Schon der erste Hof, den wir uns ansahen, war einfach wundervoll. Etwas verfallen und verwildert zwar, aber in wunderschöner, dünenartiger Landschaft und in Alleinlage mit etwa drei Hektar Land an einem Wald stand dieses Gehöft in der Nähe von Hässleholm. Das dunkelrote Haupthaus aus Holz leuchtete warm und einladend in der Nachmittagssonne und strahlte trotz oder gerade wegen des leicht maroden Zustandes absolute Behaglichkeit aus. Das Wohnhaus wurde auf beiden Seiten von je einem Nebengebäude flankiert, die ebenfalls aus rotem Holz bestanden. Wir waren begeistert und begannen sofort Pläne zu schmieden, was wir hier alles machen könnten. Leider hatten wir keinen Termin mit dem zuständigen Makler bekommen, so dass wir nur von außen gucken konnten. Aber im Grunde reichte uns das. Ohne es auszusprechen, wussten wir, dass wir den Hof, wenn möglich, kaufen wollten. Dass die Verkäufer es sich kurz darauf noch einmal anders überlegten und den Hof doch selber behalten wollten, konnten wir da noch nicht ahnen. Rückblickend ging es bei diesem Besuch auch nur darum, unsere – vor allem meine – Vorstellungskraft anzukurbeln, dass es noch etwas anderes, etwas viel Besseres gab, als unseren Hof in Högel. Mit klopfenden Herzen und glühenden Wangen fuhren wir weiter zu unserer Unterkunft, einem kleinen Häuschen direkt am See Longasjönas.

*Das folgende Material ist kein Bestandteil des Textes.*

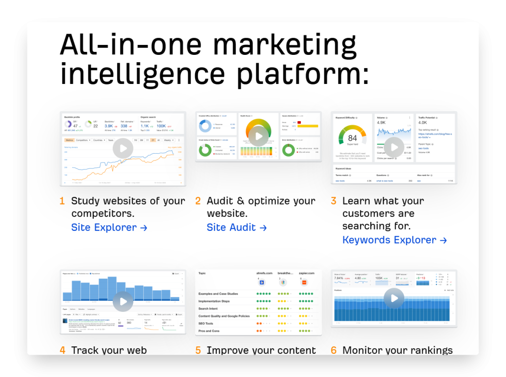 Анализ сайтов конкурентов (Site Explorer), Сбор ключевых слов (Keywords Explorer), ранжирование (Rank Tracker), Аудит сайта (Site Audit). Также есть ИИ-помощник для контента.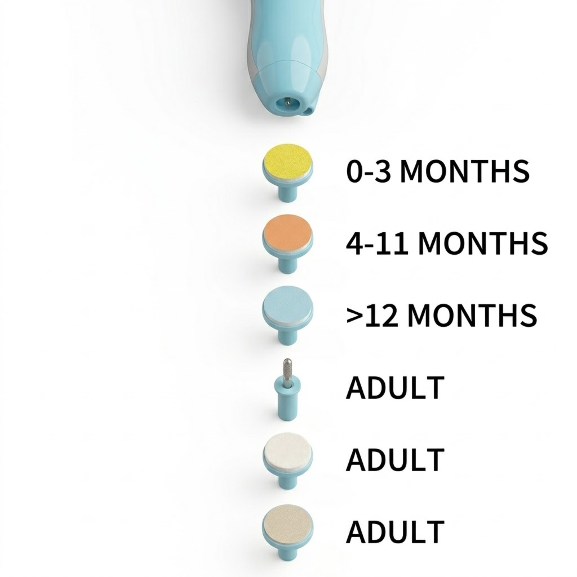 Get your little one cozy and choose the right filing pad for their age using our handy color guide. Just pop it onto the trimmer, and you are ready for a safe, tear-free manicure in total comfort. 👶✨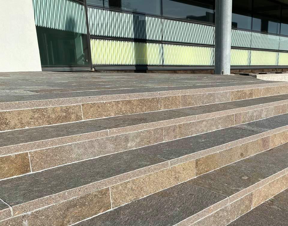 Ci sono diversi modi: la scala può essere realizzata usando pezzature più piccole per formare i gradini (per esempio 10x10) con delle alzate che fanno da contenimento. Oppure possiamo realizzare scale tagliando le lastre di porfido sagomate in base alle dimensioni dei gradini. La prima soluzione è più economica e garantisce un costo di gran lunga inferiore rispetto alla seconda, con i gradini realizzati tagliando le lastre.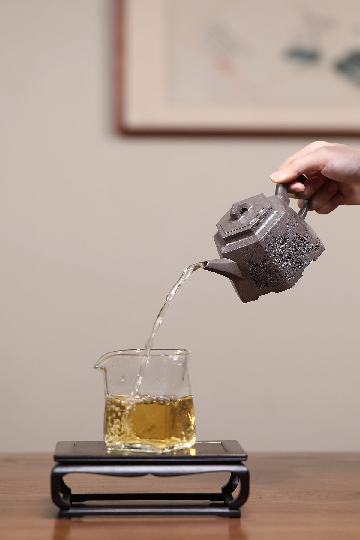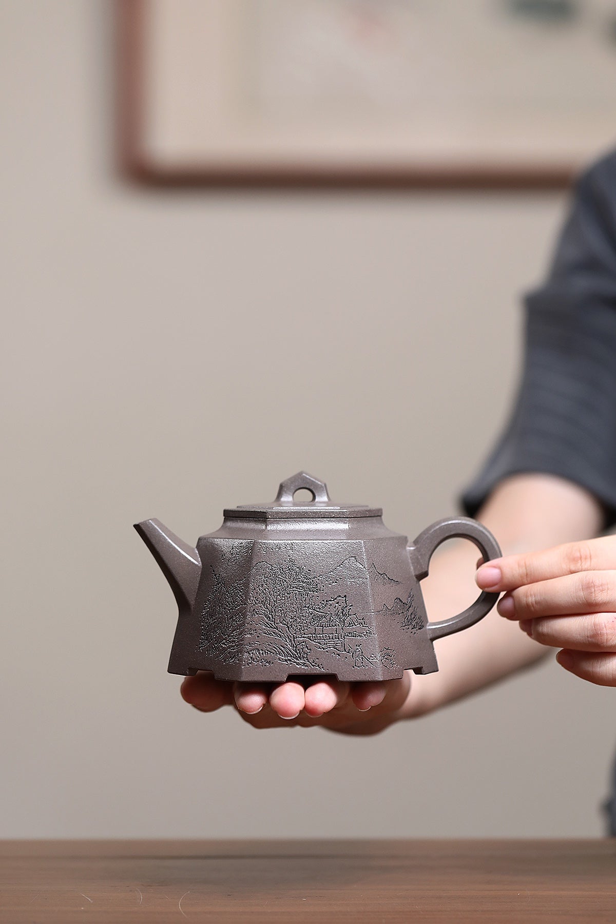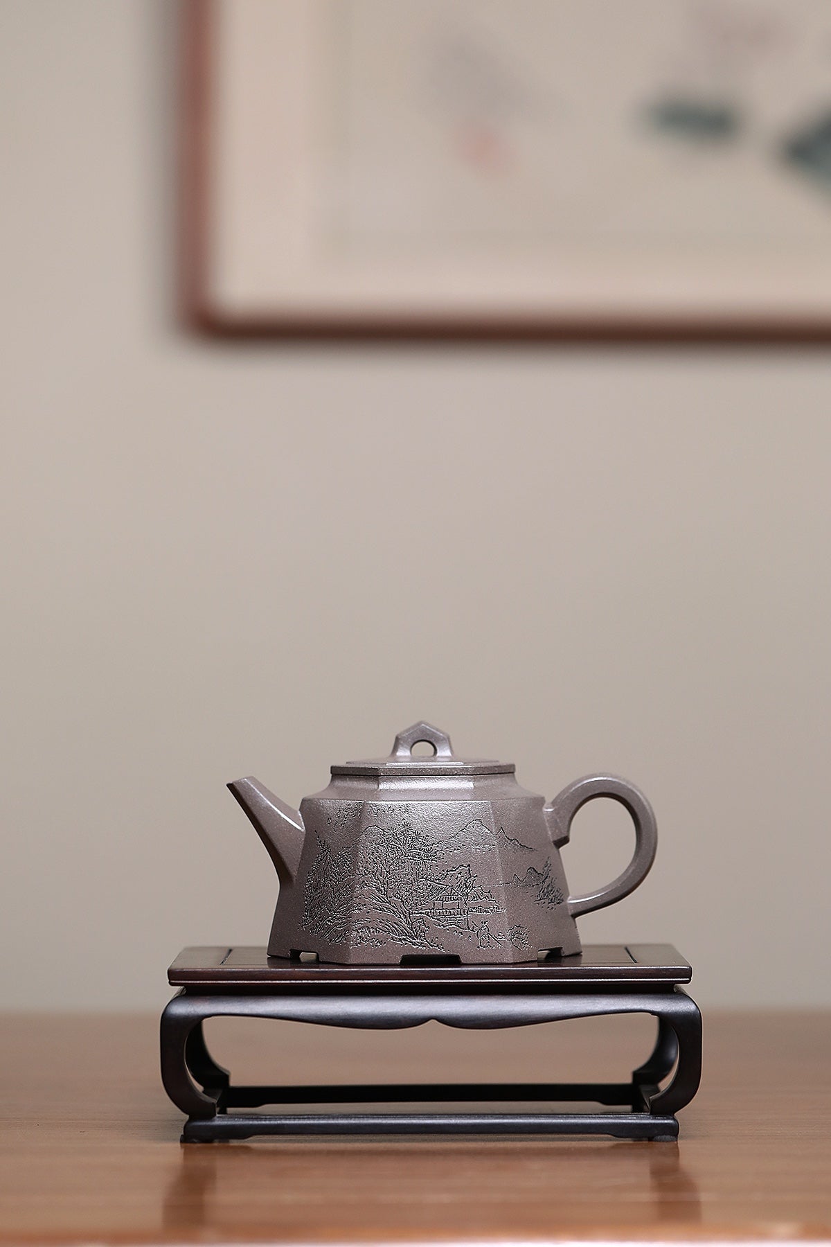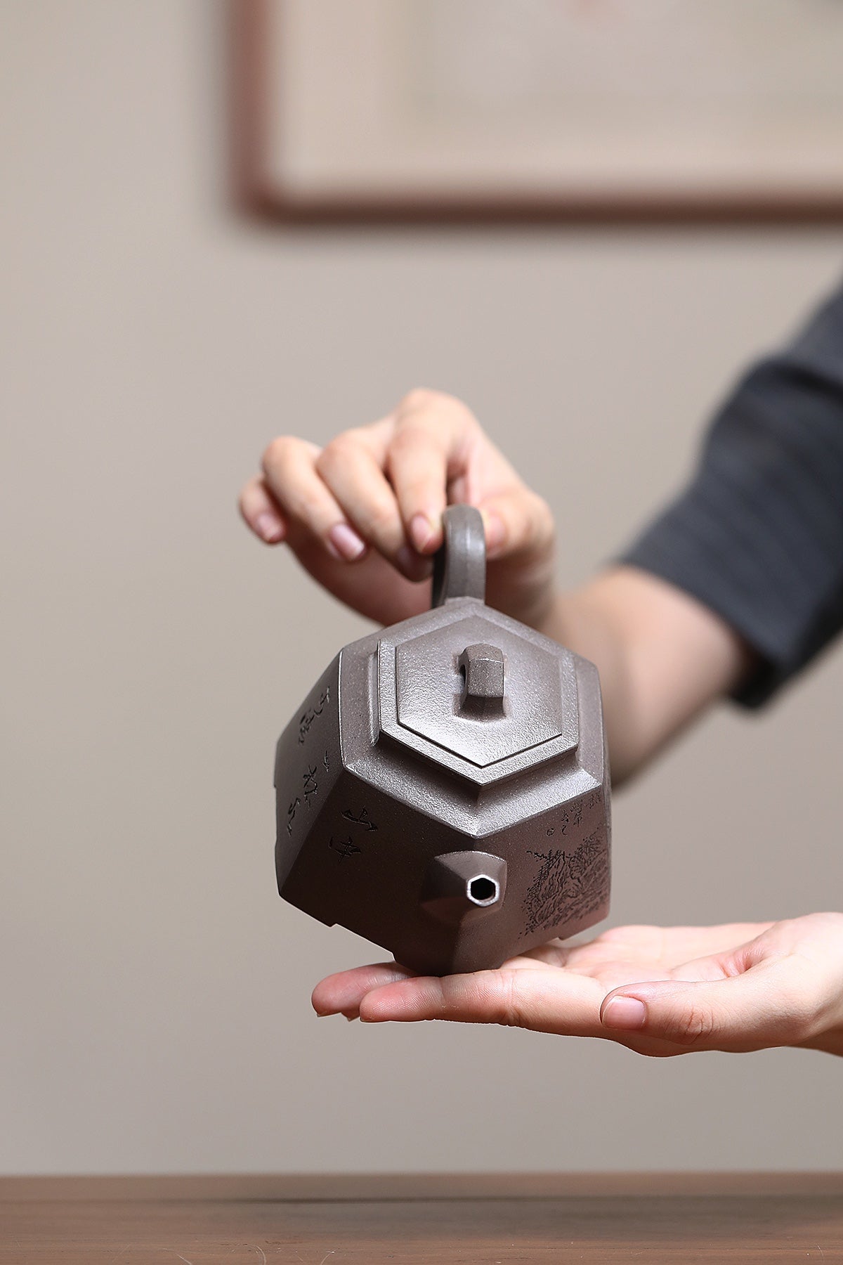 耿浩·方器臻藏 紫砂界80后方器巨匠扛鼎之作《六方井栏壶》原矿极品龙背青·320cc

Nachdem wir an der Rezeption eingecheckt hatten, bezogen wir unser Quartier, dass nicht viel größer und luxuriöser war, als ein Campingwagen: vier einfache Betten, eine schlichte Essecke mit schwedischer Küchenbank und eine winzige Küchennische. Das WC, das nicht größer als ein Plumpsklo war, war nur von außen über eine extra Tür zu erreichen, eine Dusche gab es nur im öffentlichen Duschgebäude des anliegenden Campingplatzes. Trotz, oder gerade wegen der absoluten Einfachheit, fühlten wir uns sofort wohl. Wir luden unsere Hündin Luzie und unser Gepäck aus und bezogen die Betten. Anschließend zog es uns direkt an den See, der nur wenige Meter unterhalb unserer Hütte lag. Ich schnappte mir Luzie, die nach der langen Autofahrt ebenso dringend Bewegung brauchte wie wir alle, während Julian mit den Kindern zur Rezeption ging, um ein Ruderboot zu chartern. Ich lief mit Luzie direkt an der Wasserkante entlang. Überall lagen riesige Steine und Felsen am Ufer, die, von der Sonne aufgewärmt, zum Hinsetzen einluden. Aber gesessen hatte ich genug. Etwa zehn Stunden hatte die Autofahrt gedauert, unterbrochen zwar von kurzen Pausen, aber anstrengend genug. Meine Füße kribbelten vor Freude, und ich wollte mich bewegen. Die laue Abendluft roch nach Heide und Sommer, so intensiv und berauschend, wie ich es noch nie erlebt hatte. Ohnehin schien mich hier alles viel tiefer zu berühren, als ich es bisher kannte. Vielleicht zum ersten Mal erreichte mich das, was ich sah, direkt in meiner Seele. Es war, als wäre ein Teil von mir schon immer hier gewesen, und hätte nur auf die Ankunft meines Körpers gewartet. All die Jahre lang. Es war, als wäre ich angekommen. Wieder musste ich schlucken und bekam feuchte Augen. Ein Zustand, der die nächsten Tage anhielt.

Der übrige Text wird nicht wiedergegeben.